Opinion
22334
Heard April 22, 1985.
Decided May 28, 1985.
Charles W. Blackwell, of McMehan, Hancock Blackwell, and Thomas A. McKinney, of McKinney Givens, Rock Hill, for appellant. W. Clarkson McDow, Jr., of Roddey, Carpenter White, Rock Hill, for respondents.
Heard April 22, 1985.
Decided May 28, 1985.
Appellant Maynard sought to have a judgment against respondent Phifer satisfied out of escrowed funds belonging to Phifer. The trial court held Maynard's claim was subordinate to an attachment lien held by respondent Sutton. We disagree and reverse.
Sutton attached certain real property owned by Phifer. Sutton and Phifer entered into an agreement whereby the attachment was dissolved so the property could be sold. The agreement further provided the funds from the sale would be escrowed.

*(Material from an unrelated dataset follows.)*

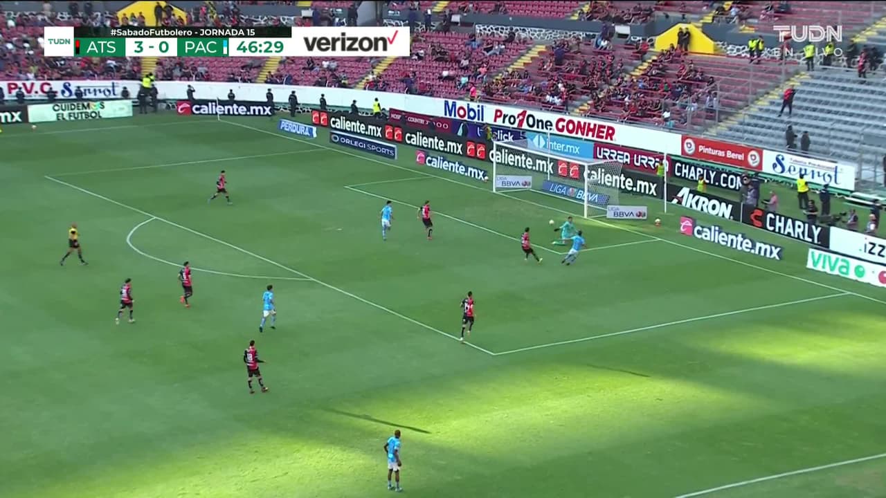 ¡Gol! Atlas 3| Pachuca 1. Cristian Arango (Pachuca) Disparo con la derecha desde el lado derecho dentro del área disparo rastrero| junto al palo izquierdo. Asistencia de Paulino.

After the property was sold and the funds escrowed, the parties realized that the property sold was not the same property which had been attached. The parties submitted a consent order which reinstated the attachment lien and released a portion of the escrowed funds to Phifer.

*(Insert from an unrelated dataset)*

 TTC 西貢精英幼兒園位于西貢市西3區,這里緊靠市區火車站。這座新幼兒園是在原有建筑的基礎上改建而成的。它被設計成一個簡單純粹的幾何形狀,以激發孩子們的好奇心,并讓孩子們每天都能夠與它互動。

Shortly thereafter, in an unrelated matter Phifer confessed judgment to Maynard and gave his consent for Maynard to satisfy the judgment out of the escrowed funds. The escrow agent refused to release the funds. This action followed.

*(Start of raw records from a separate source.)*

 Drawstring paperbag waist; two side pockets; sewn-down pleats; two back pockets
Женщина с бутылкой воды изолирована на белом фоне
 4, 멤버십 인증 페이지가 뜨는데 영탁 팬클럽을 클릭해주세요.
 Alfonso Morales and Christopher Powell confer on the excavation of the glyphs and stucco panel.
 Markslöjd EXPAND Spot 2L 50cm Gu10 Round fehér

Attachment is a purely statutory remedy. S.C. Code Ann. § 15-19-10 et seq. (1976); Bank Repossessions v. Mobile America Corp., 268 S.C. 622, 235 S.E.2d 709 (1977). The statutory provisions must be strictly construed. Brewer v. Graydon, 233 S.C. 124, 103 S.E.2d 767 (1958). An attachment lien arises only when the statutory procedure has been strictly followed.
The property sold was never subject to Sutton's attachment lien. Any claim Sutton may have against the escrowed funds would not have priority over Maynard's judgment lien. We hold the trial court erred in subordinating Maynard's lien.
Reversed.
LITTLEJOHN, C.J., and GREGORY, HARWELL and CHANDLER, JJ., concur.